* [WORK INSTRUCTION]: Once you reach the line with "Kalpa Mitra - a" below, copy each line exactly, stopping after the line with "Corner House, 3", and skip any pictures.

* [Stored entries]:

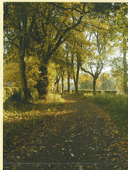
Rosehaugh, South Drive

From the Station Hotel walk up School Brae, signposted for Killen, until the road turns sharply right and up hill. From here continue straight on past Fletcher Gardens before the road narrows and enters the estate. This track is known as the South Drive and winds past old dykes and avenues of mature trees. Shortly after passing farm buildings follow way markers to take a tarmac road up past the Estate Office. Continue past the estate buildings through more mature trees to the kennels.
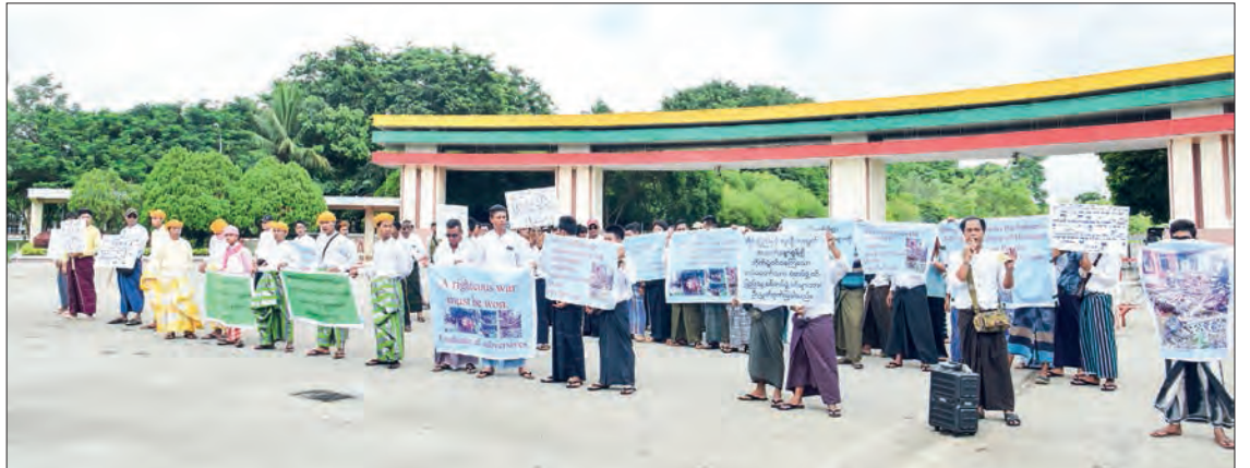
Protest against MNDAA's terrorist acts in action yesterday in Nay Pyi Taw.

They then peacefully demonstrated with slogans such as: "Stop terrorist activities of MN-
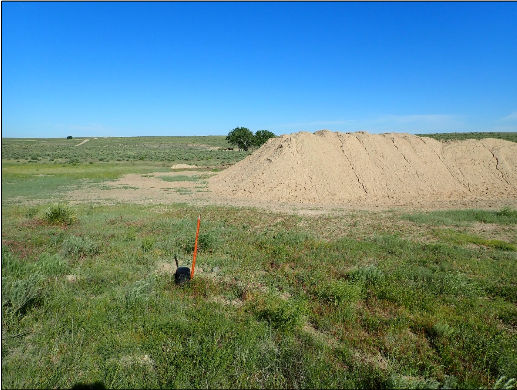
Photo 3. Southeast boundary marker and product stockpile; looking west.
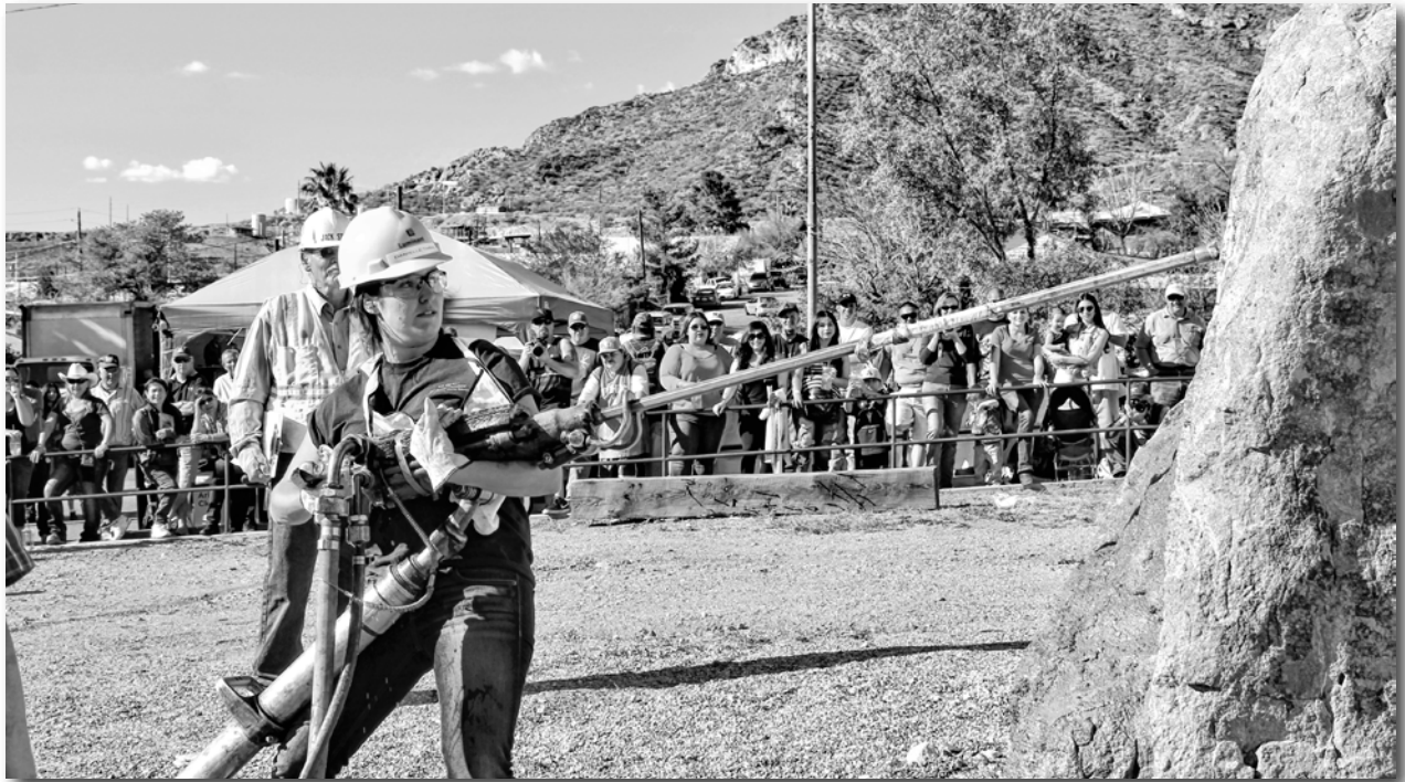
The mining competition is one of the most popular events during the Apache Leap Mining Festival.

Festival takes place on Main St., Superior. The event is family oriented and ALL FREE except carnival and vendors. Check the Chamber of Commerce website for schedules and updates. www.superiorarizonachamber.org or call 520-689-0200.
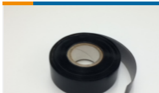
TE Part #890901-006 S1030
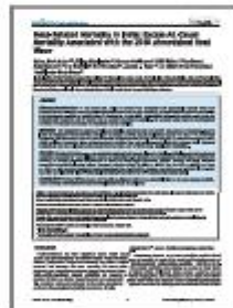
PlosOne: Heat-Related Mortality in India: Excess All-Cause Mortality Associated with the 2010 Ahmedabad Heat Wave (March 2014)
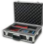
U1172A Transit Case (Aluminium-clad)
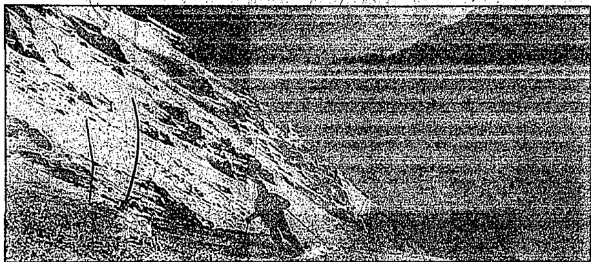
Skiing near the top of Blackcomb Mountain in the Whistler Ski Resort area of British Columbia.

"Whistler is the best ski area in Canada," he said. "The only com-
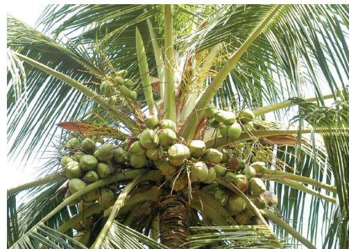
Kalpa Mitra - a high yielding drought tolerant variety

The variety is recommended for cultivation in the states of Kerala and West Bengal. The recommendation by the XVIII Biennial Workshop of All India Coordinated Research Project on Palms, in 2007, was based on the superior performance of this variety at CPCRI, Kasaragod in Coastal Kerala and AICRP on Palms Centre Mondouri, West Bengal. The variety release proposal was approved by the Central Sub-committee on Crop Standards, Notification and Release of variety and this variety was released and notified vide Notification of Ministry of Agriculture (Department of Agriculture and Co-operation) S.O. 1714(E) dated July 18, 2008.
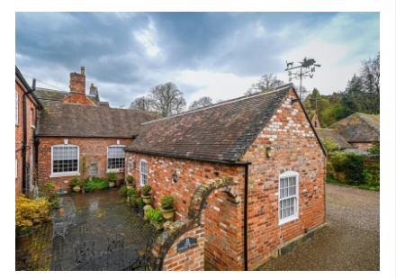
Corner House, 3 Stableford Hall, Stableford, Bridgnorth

==

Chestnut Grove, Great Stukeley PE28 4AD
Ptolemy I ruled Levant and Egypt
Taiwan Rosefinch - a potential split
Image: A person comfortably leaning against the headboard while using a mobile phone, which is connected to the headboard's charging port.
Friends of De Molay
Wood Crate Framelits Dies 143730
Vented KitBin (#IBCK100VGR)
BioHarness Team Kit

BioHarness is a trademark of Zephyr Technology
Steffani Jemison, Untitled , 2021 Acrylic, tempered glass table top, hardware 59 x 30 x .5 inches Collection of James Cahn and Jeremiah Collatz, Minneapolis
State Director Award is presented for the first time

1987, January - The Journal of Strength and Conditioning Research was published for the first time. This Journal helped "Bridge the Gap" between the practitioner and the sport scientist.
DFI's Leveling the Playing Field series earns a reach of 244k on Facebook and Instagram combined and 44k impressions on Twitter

...

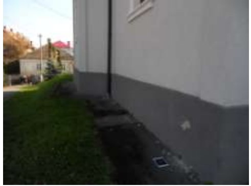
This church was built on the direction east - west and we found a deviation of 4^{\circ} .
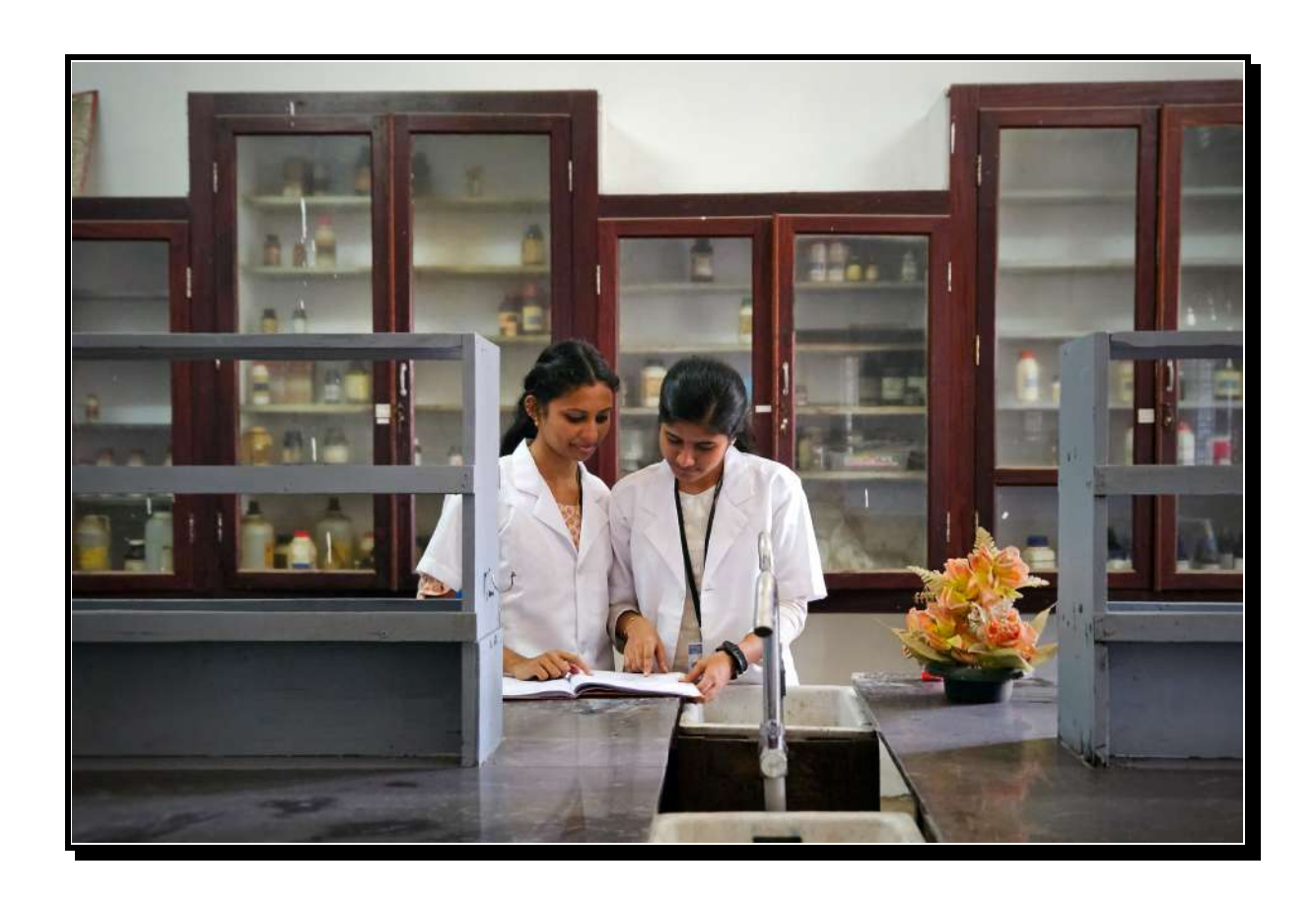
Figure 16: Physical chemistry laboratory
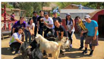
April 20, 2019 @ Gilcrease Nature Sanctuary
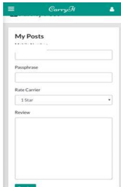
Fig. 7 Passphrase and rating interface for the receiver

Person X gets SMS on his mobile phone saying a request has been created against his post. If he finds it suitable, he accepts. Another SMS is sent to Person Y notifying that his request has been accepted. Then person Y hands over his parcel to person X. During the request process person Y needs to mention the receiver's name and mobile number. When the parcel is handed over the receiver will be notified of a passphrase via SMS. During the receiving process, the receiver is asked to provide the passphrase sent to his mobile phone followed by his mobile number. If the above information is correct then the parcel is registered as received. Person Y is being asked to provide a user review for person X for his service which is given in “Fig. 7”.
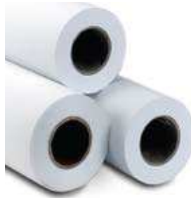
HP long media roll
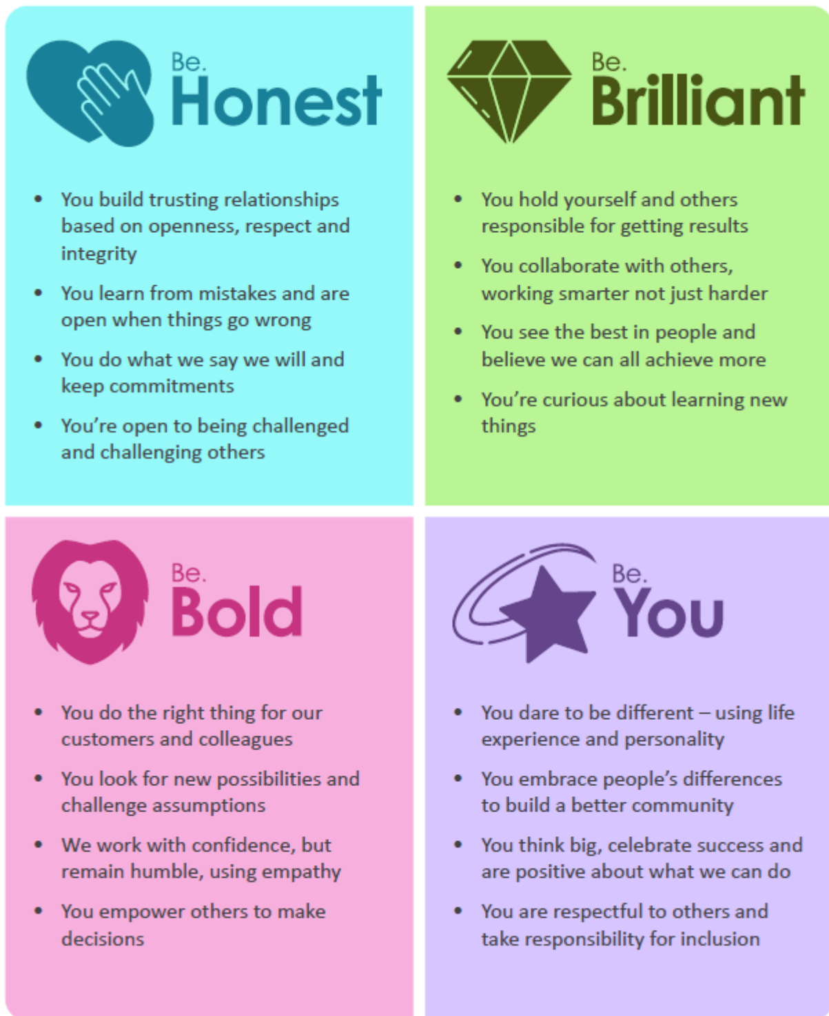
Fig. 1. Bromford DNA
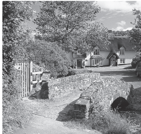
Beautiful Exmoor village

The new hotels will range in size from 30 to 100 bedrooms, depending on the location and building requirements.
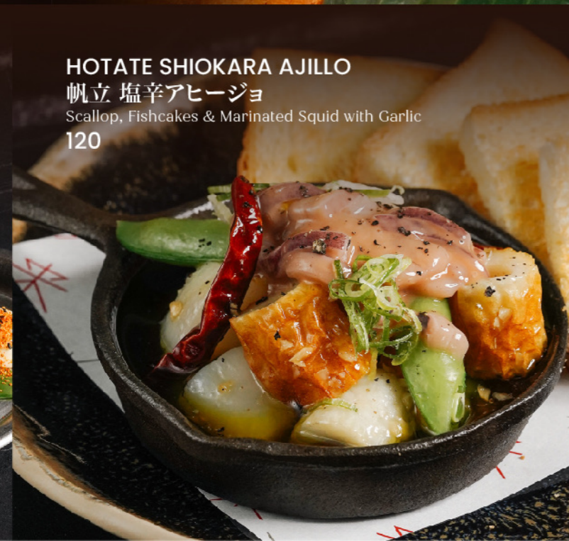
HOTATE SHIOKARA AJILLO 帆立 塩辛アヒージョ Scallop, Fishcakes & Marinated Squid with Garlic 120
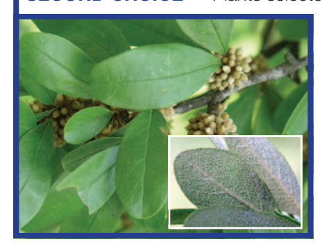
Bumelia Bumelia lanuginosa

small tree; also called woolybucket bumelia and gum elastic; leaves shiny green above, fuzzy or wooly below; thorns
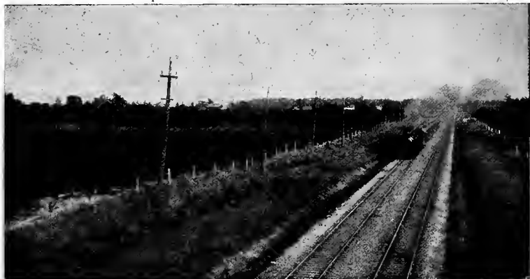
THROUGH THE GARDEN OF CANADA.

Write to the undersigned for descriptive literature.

* [ANSWER TO THIS PROBLEM]:
Kalpa Mitra - a high yielding drought tolerant variety

The variety is recommended for cultivation in the states of Kerala and West Bengal. The recommendation by the XVIII Biennial Workshop of All India Coordinated Research Project on Palms, in 2007, was based on the superior performance of this variety at CPCRI, Kasaragod in Coastal Kerala and AICRP on Palms Centre Mondouri, West Bengal. The variety release proposal was approved by the Central Sub-committee on Crop Standards, Notification and Release of variety and this variety was released and notified vide Notification of Ministry of Agriculture (Department of Agriculture and Co-operation) S.O. 1714(E) dated July 18, 2008.
Corner House, 3 Stableford Hall, Stableford, Bridgnorth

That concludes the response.